If $z = x^{2}y^{3} + e^{y}\sin x$, then $\frac{\partial^{2}z}{\partial x\partial y} =$
Show Hint
For most smooth functions, $\frac{\partial^2 z}{\partial x \partial y} = \frac{\partial^2 z}{\partial y \partial x}$. You can pick whichever order is easier to calculate!
Step 1: Understanding the Concept:
The notation \( \frac{\partial^2 z}{\partial x \partial y} \) represents a mixed partial derivative. This means we first differentiate \( z \) with respect to \( y \) (treating \( x \) as a constant), and then differentiate the result with respect to \( x \) (treating \( y \) as a constant). Step 2: Key Formula or Approach:
1. First find \( \frac{\partial z}{\partial y} \).

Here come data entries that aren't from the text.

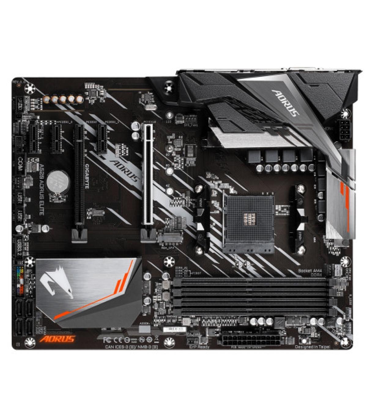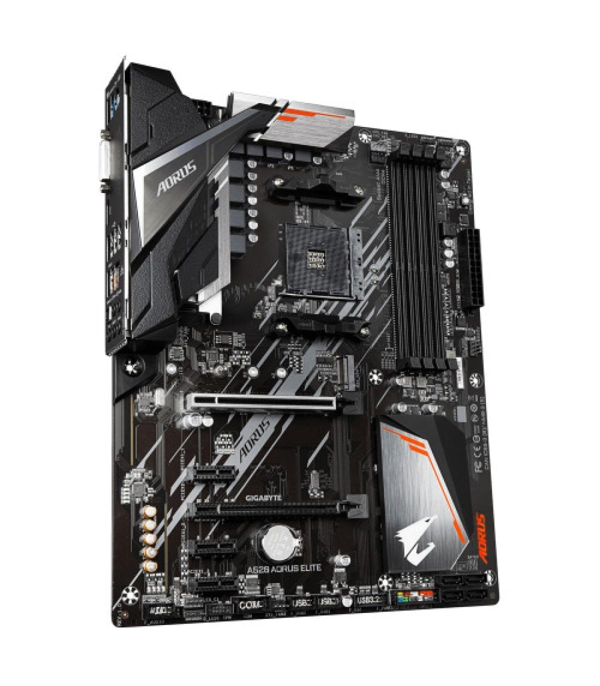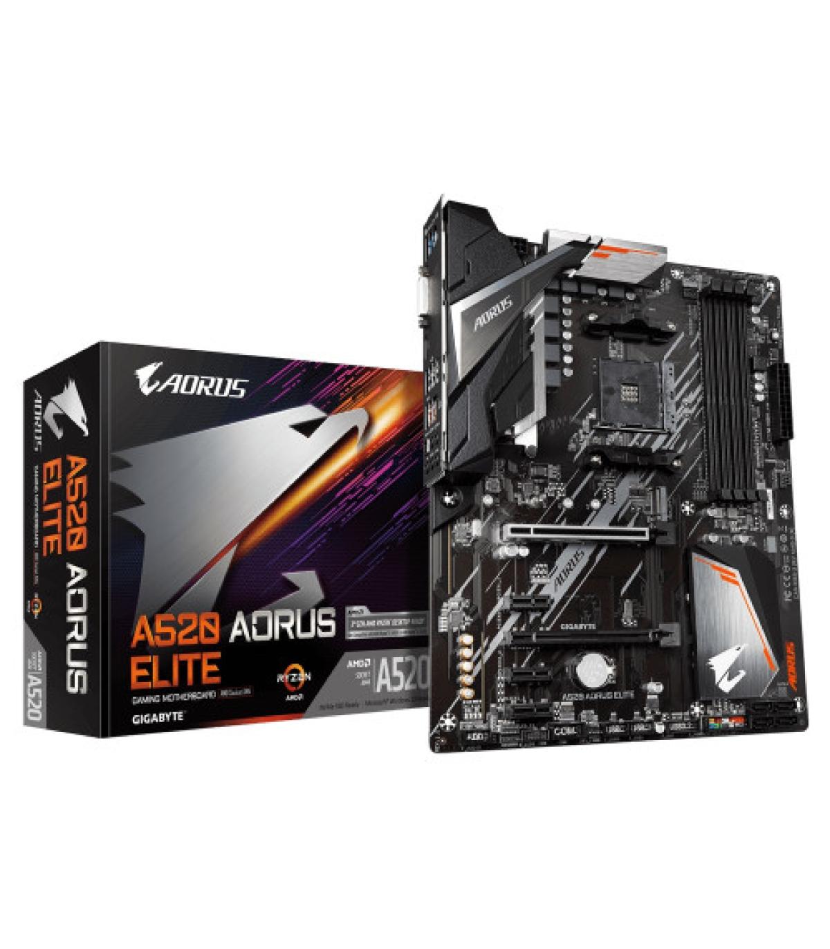 Gigabyte A520 AORUS ELITE. Fabricante de procesador: AMD, Socket de procesador: Zócalo AM4, Procesador compatible: AMD Ryzen 3 3rd Gen, 3rd Generation AMD Ryzen 5, 3rd Generation AMD Ryzen 7, 3rd Generation AMD.... tipos de memoria compatibles: DDR4-SDRAM, Tipo de ranuras de memoria: DIMM, Velocidades de reloj de memoria soportadas: 2133,2400,2667,2933,3200,3333,3600,4000,4400,4600,4733 MHz. Interfaces de disco de almacenamiento soportados: M.2, Serial ATA III. Máxima resolución: 4096 x 2160 Pixeles. Tipo de interfaz ethernet: Gigabit Ethernet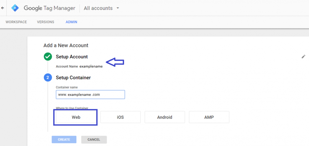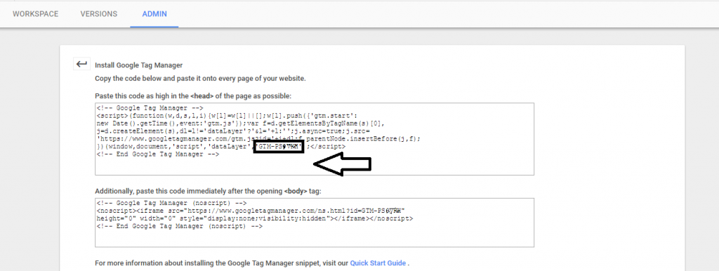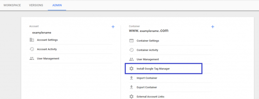 Now your container is set up, open it and go to Admin.Now Click on the gear symbol next to “Install Google Tag Manager”.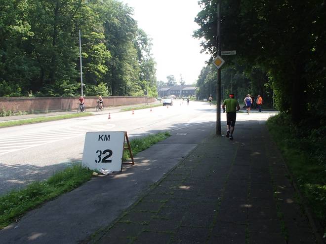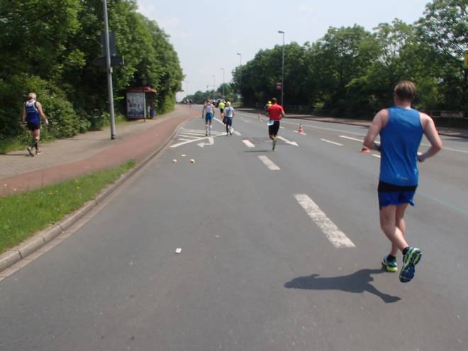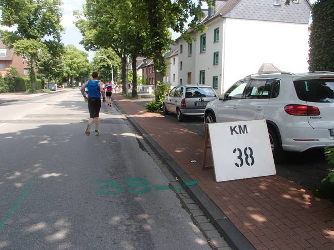 Wedauer Straße 12.39 Uhr / Km 32,0 Wieder war ein Kilometer geschafft. Aber noch immer mehr als zehn zu laufen. |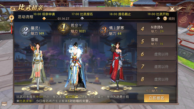 多元社交 让感情变得更深刻比武招亲的具体玩法,需要女方使用道具——玫瑰,前往轩辕城的红娘处报名。每日魅力第一的玩家可开启擂台,等待有缘者前来迎娶自己。想要抱得美人归的男玩家也需要使用道具玫瑰提前报名,名列前十的天命者才有资格打擂,为红颜而战。与传统游戏内的婚姻社交玩法不同,除了两名玩家之间的两情相悦,更需要双方共同努力,方能终成眷属。比武招亲,在基础的社交内容上设置了更多可深挖的社交元素,增进情侣间的了解,加大对于感情的投入,自然而然的让来之不易的情感更加深刻。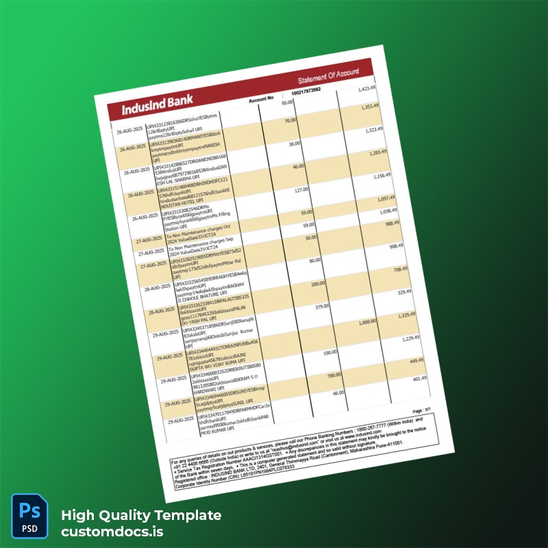 India IndusInd Bank Statement Template in Word and PDF Formats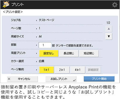 ページ数や部数が多いコピーをとった後にミスを発見すると、時間や用紙等を大きくロスしてしまいますが、この試しコピーを利用することで、ロスを防ぐことができます。
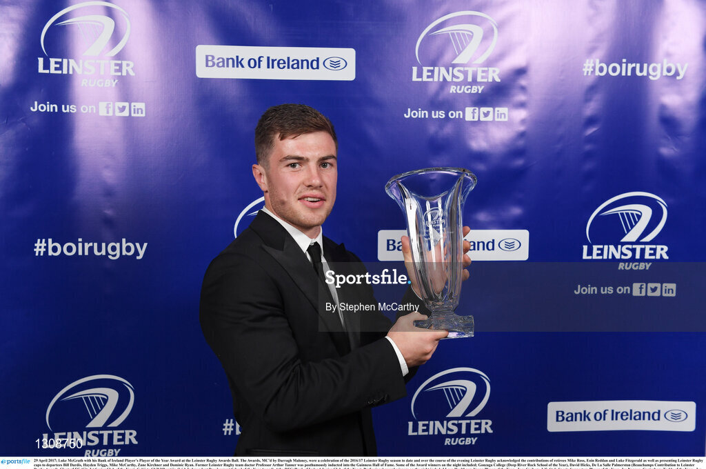 29 April 2017; Luke McGrath with his Bank of Ireland Player’s Player of the Year Award at the Leinster Rugby Awards Ball. The Awards, MC’d by Darragh Maloney, were a celebration of the 2016/17 Leinster Rugby season to date and over the course of the evening Leinster Rugby acknowledged the contributions of retirees Mike Ross, Eóin Reddan and Luke Fitzgerald as well as presenting Leinster Rugby caps to departees Bill Dardis, Hayden Triggs, Mike McCarthy, Zane Kirchner and Dominic Ryan. Former Leinster Rugby team doctor Professor Arthur Tanner was posthumously inducted into the Guinness Hall of Fame. Some of the Award winners on the night included; Gonzaga College (Deep River Rock School of the Year), David Hicks, De La Salle Palmerston (Beauchamps Contribution to Leinster Rugby Award), Clontarf FC (CityJet Senior Club of the Year), Coláiste Chill Mhantáin (Irish Independent Development School of the Year Award), Athy RFC (Bank of Ireland Junior Club of the Year). Professional award winners on the night included Laya Healthcare Young Player of the Year - Joey Carbery, Life Style Sports Supporters Player of the Year - Isa Nacewa, Canterbury Tackle of the Year – Isa Nacewa, Irish Independnet Try of the Year – Adam Byrne and Bank of Ireland Players’ Player of the Year – Luke McGrath. Clayton Hotel, Burlington Road, Dublin 4. Photo by Stephen McCarthy/Sportsfile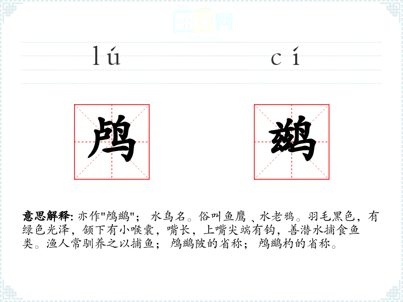 亦作"鸬鹚"; 水鸟名。俗叫鱼鹰﹑水老鸦。羽毛黑色,有绿色光泽,颔下有小喉囊,嘴长,上嘴尖端有钩,善潜水捕食鱼类。渔人常驯养之以捕鱼; 鸬鹚陂的省称; 鸬鹚杓的省称。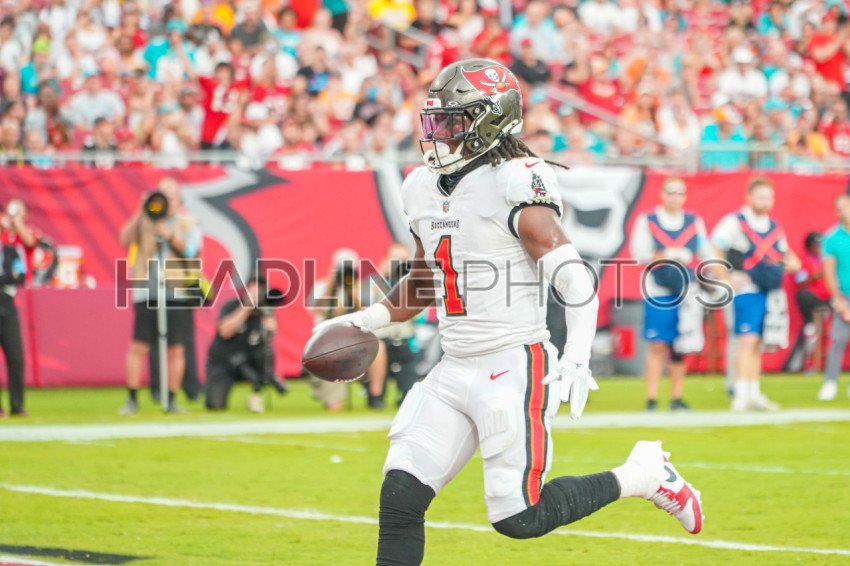 Tampa Bay, Florida, USA, August 33, 2024, Tampa Bay Buccaneers player Rachaad White #1 makes a touchdown at Raymond James Stadium. (Photo Credit: Marty Jean-Louis)

2. Then find \( \frac{\partial}{\partial x} \left( \frac{\partial z}{\partial y} \right) \). Step 3: Detailed Explanation:
Differentiate \( z = x^2 y^3 + e^y \sin x \) with respect to \( y \):
\[ \frac{\partial z}{\partial y} = x^2(3y^2) + (\sin x)e^y = 3x^2 y^2 + e^y \sin x \]
Now, differentiate this result with respect to \( x \):
\[ \frac{\partial}{\partial x} (3x^2 y^2 + e^y \sin x) = (3y^2)(2x) + e^y (\cos x) \]
\[ = 6xy^2 + e^y \cos x \] Step 4: Final Answer:
The mixed partial derivative is \( 6xy^2 + e^y \cos x \).